In Impressionist paintings from the 1860s and 1870s, the prostitute's stark plight and social oppression was often prettified by art. Auguste Renoir's 1877-79 The Laundress, shows his favorite model, Nina, without any reference to the backbreaking labor involved in her profession. Instead, Renoir adheres to the stereotypical characteristics of laundresses from the male viewpoint: promiscuous and available. He paints her artfully disheveled, rosy-cheeked, standing with hands on her hips, with one sleeve slipping seductively off her shoulder.

It was not until the end of the century that artists like Henri de Toulouse-Lautrec began to depict women, either on the street or in the brothel, more straightforwardly in large-format paintings.

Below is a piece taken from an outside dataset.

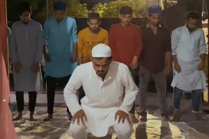 " इबादतें मस्जिदों की चार दीवारों तक सीमित नहीं हैं, दरअसल हमारे लिए तो पूरी दुनिया ही एक मस्जिद है",लॉकडाउन की वजह से मस्जिदों में जा पाने पर मोहम्मद शारीक अपने परिवार वालों के साथ घर पर नमाज़ पढ़ते हुए।[/caption]

As a provincial aristocrat who embraced the counterculture of bohemian nightlife, Lautrec became the chronicler of the café concerts and cabarets of the Butte, where dancers and singers, also insoumises, found their prey. As in the café scenes of La Bohème, in Moulin de la Galette (shown at top) Lautrec presents an atmosphere of hedonism where a mixture of drink, crowds, dancing, and even the presence of gendarmes contribute to the promiscuity associated with nightlife and prostitution. A wooden barrier bisects the women seated in expectation of an invitation that will lead them to the dance floor; they are under the surveillance of the bony man seated behind them, described by the scholar Richard Thomson as "Alphonse, the enforcer, or pimp."

In his later and most celebrated nightclub scene shown below, At the Moulin Rouge, expensively fashioned female dancers and singers (including Jane Avril, with her signature red hair and fur-trimmed dress, seen from behind) share a table with well-heeled gentlemen. Like Puccini's Musetta, who ascends from call girl and café singer through her relationship with the Count, Avril is a former can-can dancer whose marriage to artist-designer Maurice Biais lifts her out of her envisaged trajectory as a professional prostitute. In this crowded and chaotic scene of mirth and vice, Lautrec, the noticeably short man at center, just above Avril's head, presents himself strolling with his cousin Gabriel de Tapies, as a detached observer to the debauchery inherent in Montmartre nightlife.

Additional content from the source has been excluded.